He put one hand on the edge of the hole he’d made so he could lean and sneer artfully at me.
“Hatch, bloom- who cares? Fadua don’t get warm, you know. They’re only plants.”
“Come and touch this one.”
“No thank you. Anyway-” Suddenly he jerked his hand back, rubbing his fingers together. “Hey- what’s this?”
“What?” I asked, not yet willing to leave my comfortable spot on the flower. Sorina’s magic clothes helped, too- they repelled the rain.
“This golem’s got something stuffed down its legs,” said Pascha, who seemed to have forgotten all animosity in the face of this new development. He leaned into the hole again and scooped up something in one hand.
“What is it?” I asked, craning my neck.
He turned and showed me: within his hand was what looked like a damp pile of tiny seeds. I recoiled.
“Don’t touch those! Get rid of them!”
“Sensitive, are you?” He raised an eyebrow and flicked a seed my way. I flinched and hissed, and he laughed.

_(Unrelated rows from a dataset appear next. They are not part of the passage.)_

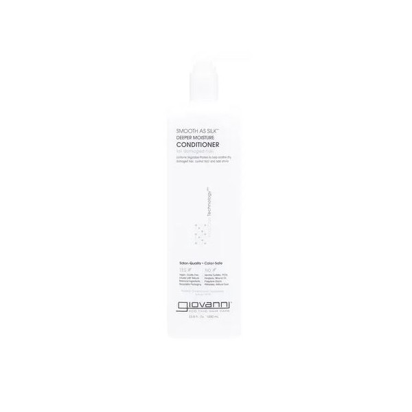 Silk — it has the most incredible feel, the most incredible texture. It makes you feel sexy. Desirable. SMOOTH AS SILK™ Deeper Moisture Conditioner from Giovanni makes your hair feel so smooth, so silky, so amazingly detangled. This color-safe deep conditioner works only where needed to create a silky-smooth palette. Renewed and ready for your own unique kind of style. SMOOTH AS SILK™ provides smooth moves indeed.
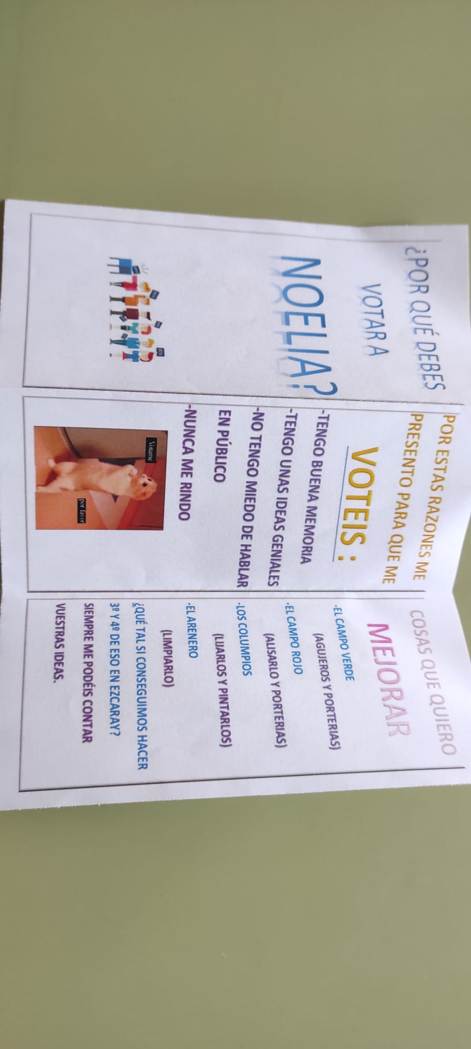 El pasado martes 22 de octubre, tuvieron lugar las elecciones de alumnos/as y padres/madres al Consejo Escolar. Los 4 candidatos de 5º que quieren formar parte del Consejo Escolar realizaron sus propias propagandas electorales e incluso hablaron con el resto de alumnos/as para conseguir votos. La participación de los peques fue masiva y finalmente salió elegida Noelia.
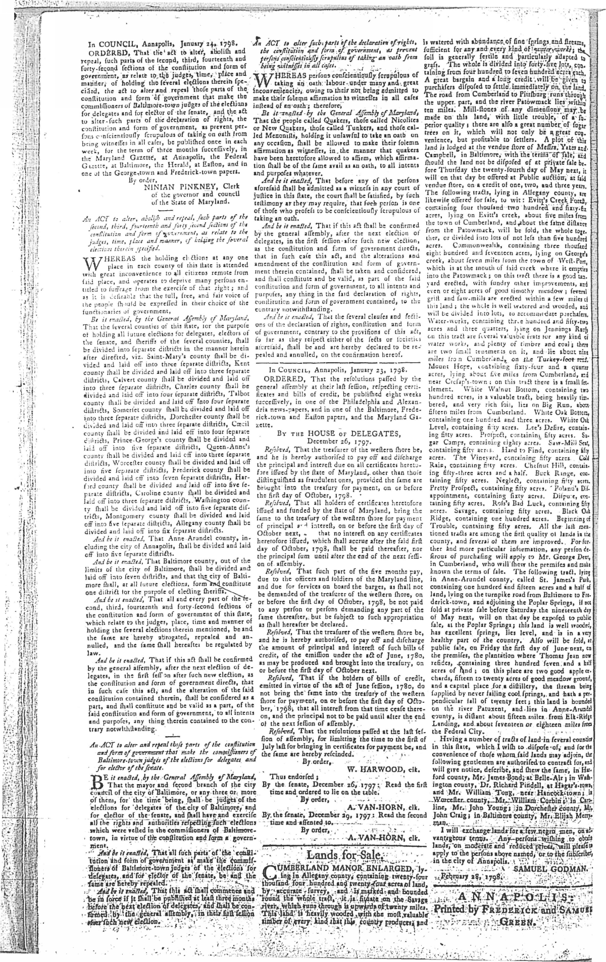 Maryland Gazette Collection MSA SC 2731 January 1, 1795 - December 29, 1803 M 1285 A Publication of the Archives of Maryland Online Image No: 717 Enlarge and print image (3M) |
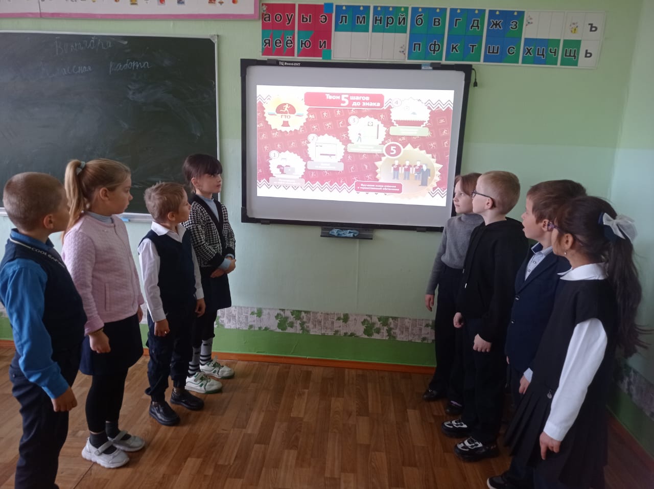На Уроке ГТО ребята познакомились с историей возникновения комплекса ГТО, со знаками ГТО Советского Союза и современными, с возрастными ступенями, с видами испытаний и символами ГТО.
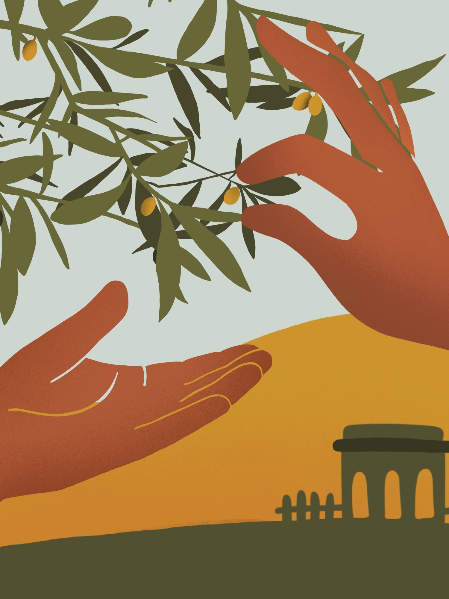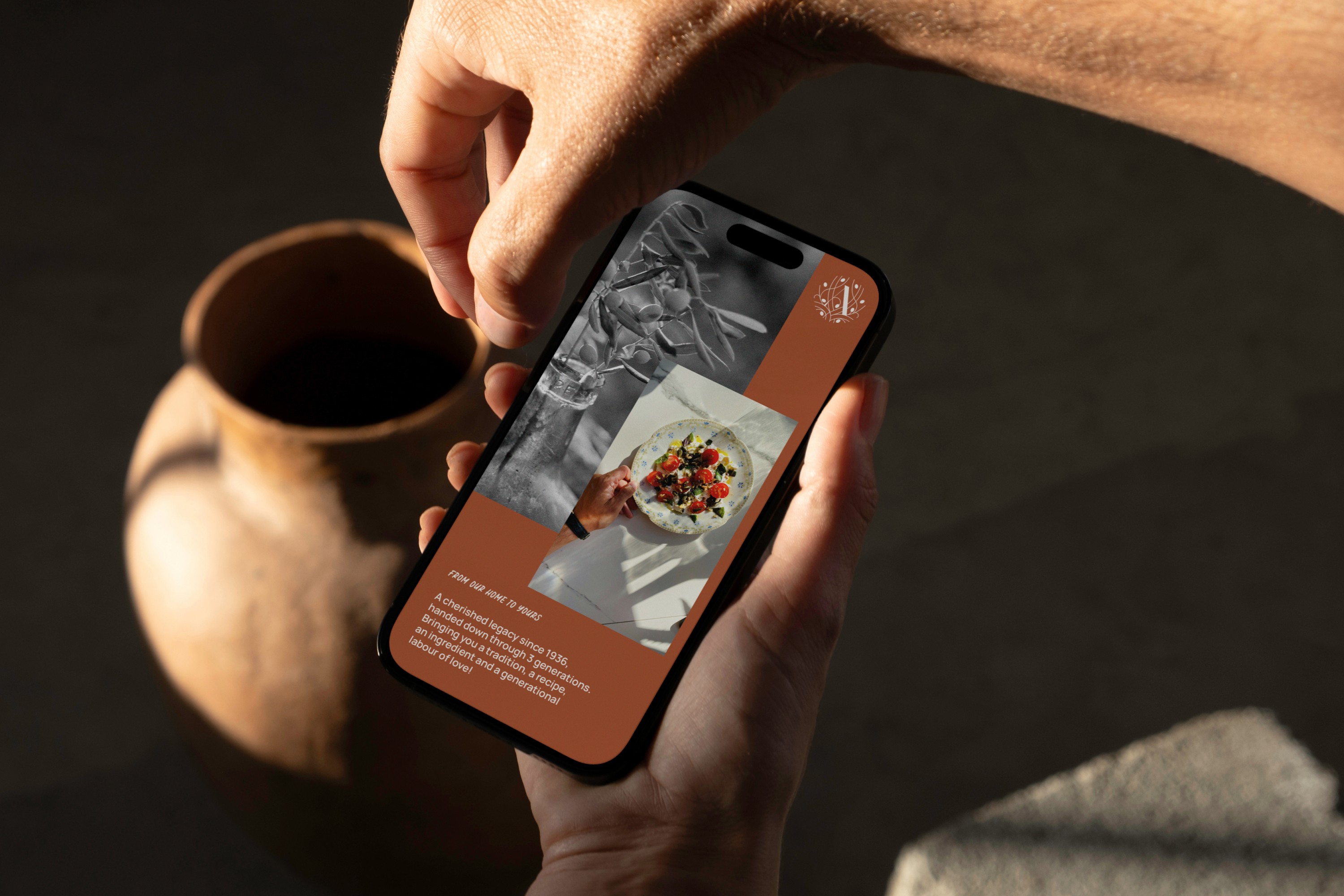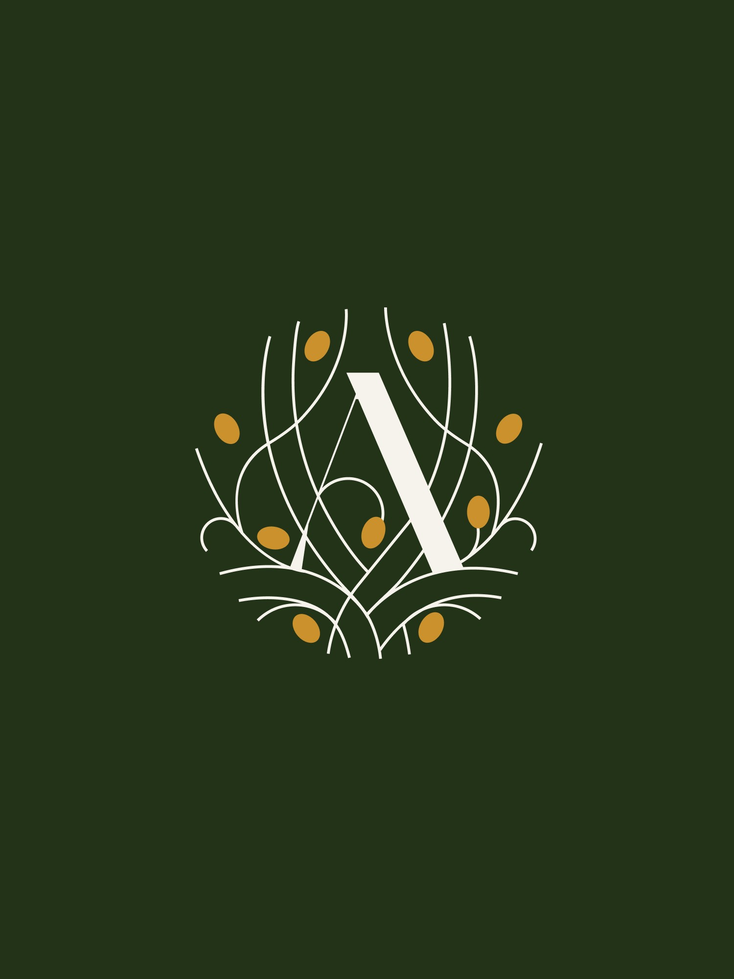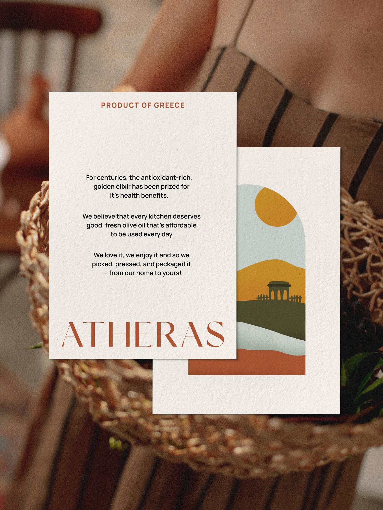 The visual identity aims to enhance a classic and traditional design with a poetic touch. The goal is to elevate the brand's values of elegance, purity, and tradition. The illustration depicts a sunset scene with subtle Greek architectural elements, while the colour palette draws inspiration from natural and earthy tones such as soil, olive green, and sky blue. The result is a recognisable system, with a tiny hint of what brings us back home.
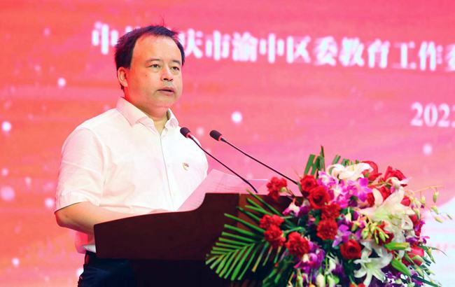 渝中區(qū)委教育工委書記、區(qū)教委主任肖方明致辭。渝中區(qū)教委供圖
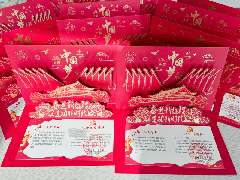 送上一张政治生日贺卡。支部书记代表支部向党员送上印制着党徽和入党誓词的“政治生日”贺卡并寄语。党员们纷纷表示这份“政治生日贺卡”仪式感满满,感受到了组织的关怀与激励,将不忘初心、牢记使命、担当作为,为全面推进学校高质量发展继续贡献力量。
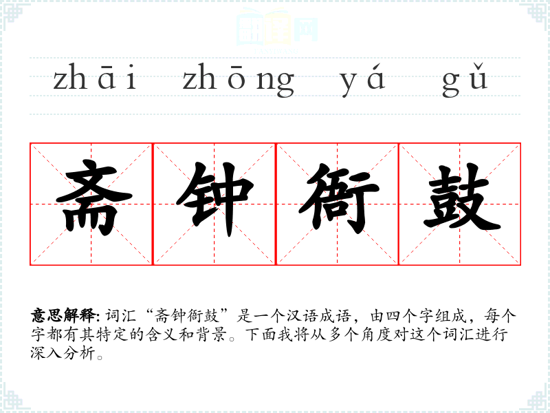 词汇“斋钟衙鼓”是一个汉语成语,由四个字组成,每个字都有其特定的含义和背景。下面我将从多个角度对这个词汇进行深入分析。
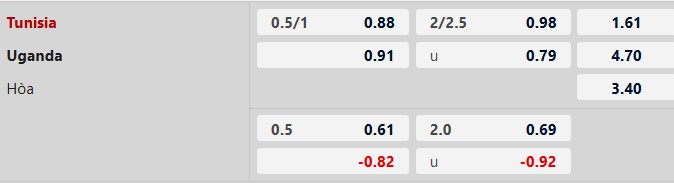 Tunisia thắng theo châu Á: Tunisia thắng cả 5 cuộc đối đầu giữa hai đội, thắng 7/9 trận chính thức gần đây. Trong khi đó, Uganda không thắng 6/9 trận vừa qua, thua cả 3 trận xa nhà gần nhất. Vì thế, giới mộ điệu có thể đặt niềm tin ở Tunisia trận này.
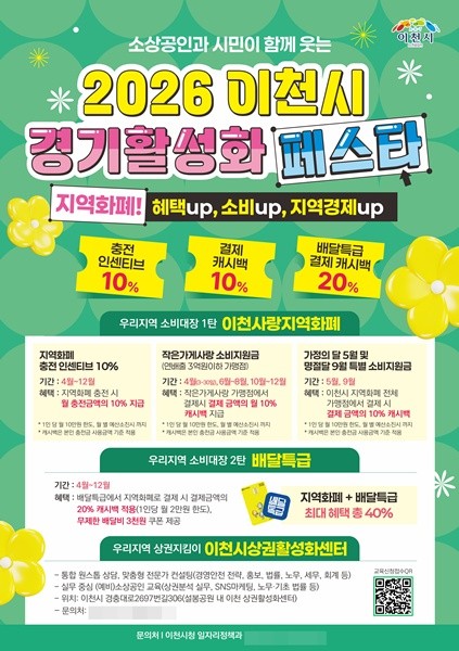 이천시 관계자는 "이번 페스타는 단순한 지원을 넘어 시민과 소상공인이 함께 상생하는 축제의 장"이라며, "연말까지 더 많은 시민들이 혜택을 누릴 수 있도록 홍보에 박차를 가하겠다"고 밝혔다.
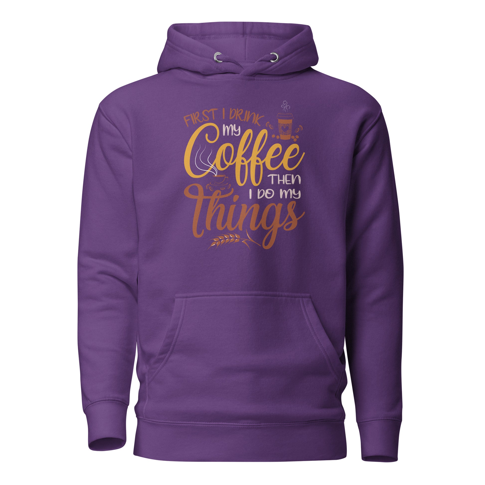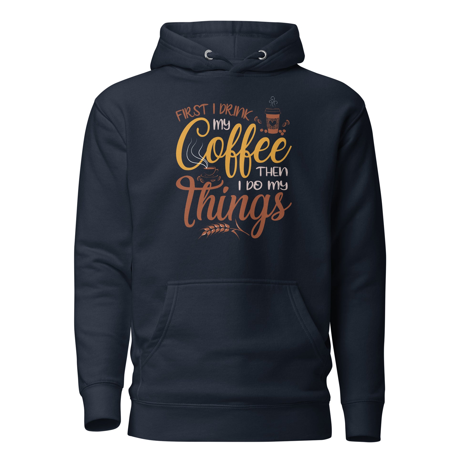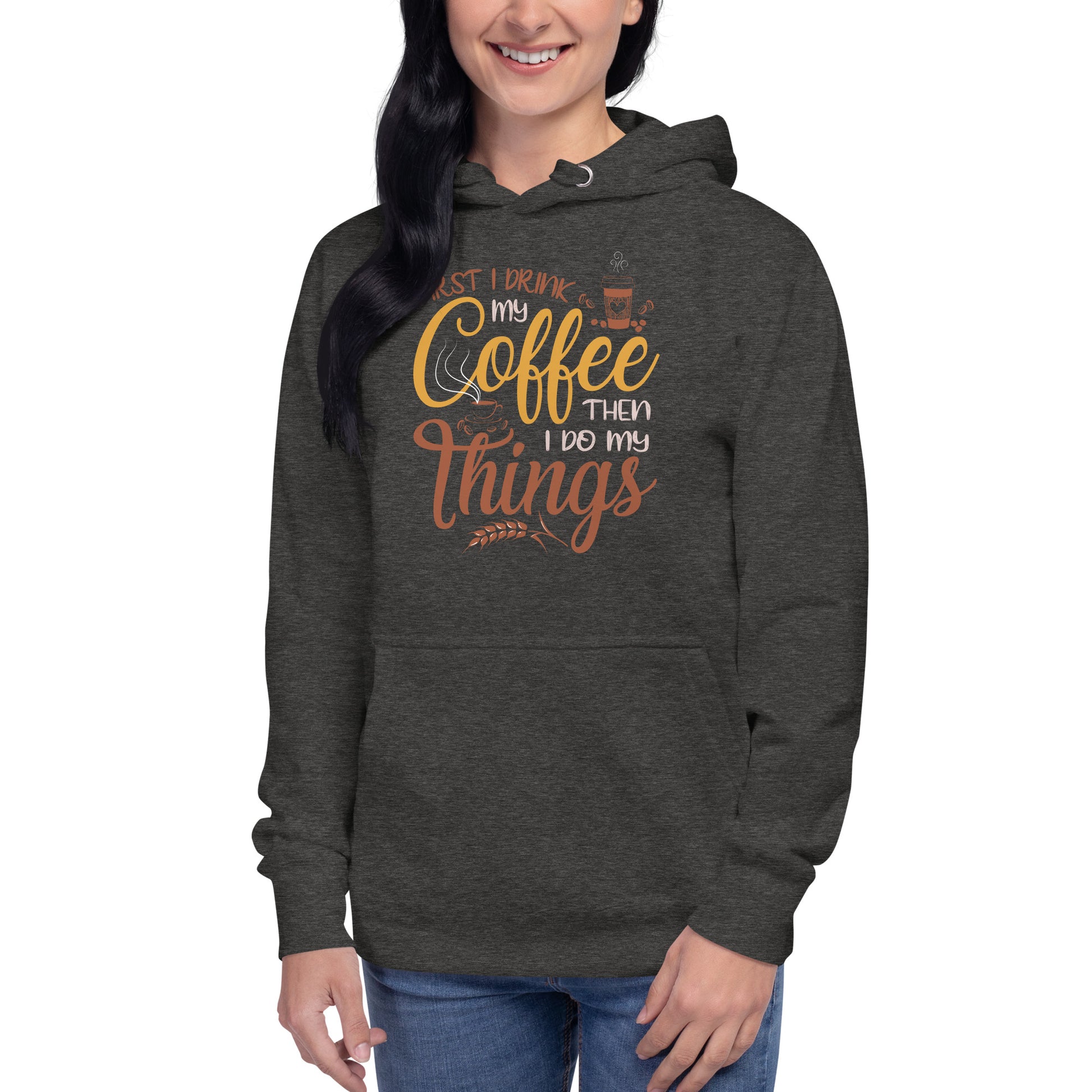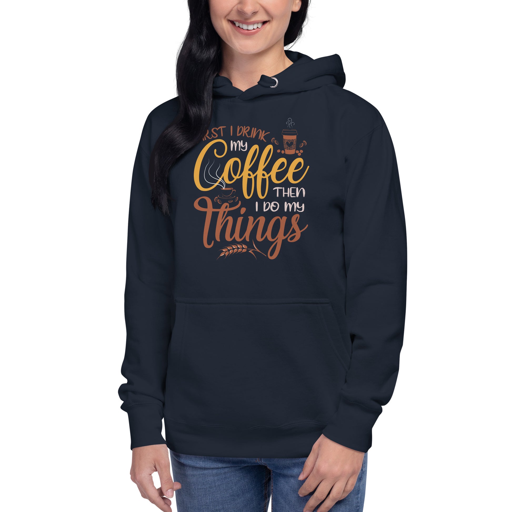 Embrace your inner morning ritual with our "Caffeine Mantra Hoodie," where priorities are as clear as black coffee! This is the garment that coffee lovers have bean dreaming of – it's where comfort meets the unabashed truth of daily life. The script flows like the perfect pour-over, proclaiming, "First I Drink My Coffee, Then I Do My Things." It’s not just a piece of clothing, it's your daily agenda written in bold script for the world to see. Perfect for the planner, the achiever, the caffeine connoisseur who knows the day only starts after that first magical sip. Wear this manifesto of motivation and declare your love for the brew that powers you through. Who knew that the softest hoodie you'll ever own comes with such a cool design. You won't regret buying this classic streetwear piece of apparel with a convenient pouch pocket and warm hood for chilly evenings.
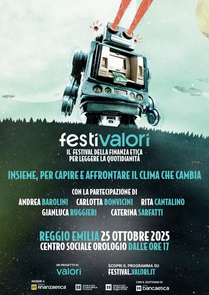 Vi invitiamo all’iniziativa organizzata dai GIT di Banca Etica di Reggio Emilia e Modena insieme a FestiValori che si terrà sabato prossimo, il 25 ottobre 2025, presso il Centro sociale Orologio, via Massenet 19 – Reggio Emilia, dalle ore 17 dal titolo

“They look like ordinary barley seeds to me. Some have even begun to sprout.”
“Well, if that’s all, why would the golem carry them?” The sight of the innocuous little things was making me feel sick. “I wonder if they’re all carrying seeds!”
“Hmm, good point,” said Pascha, brushing the wet seeds off his hand in much too nonchalant a way for my liking. “Though I still don’t see many nefarious things about planting seeds.”
“Oh no, nothing wrong with that,” I bit out. “Though I would prefer they be planted in some places rather than others.”
“Oh, right, I forgot,” said Pascha, in a tone that suggested his recall had actually been flawless. “But if I were going to grow something wicked, I might pick something besides grass to do it with.”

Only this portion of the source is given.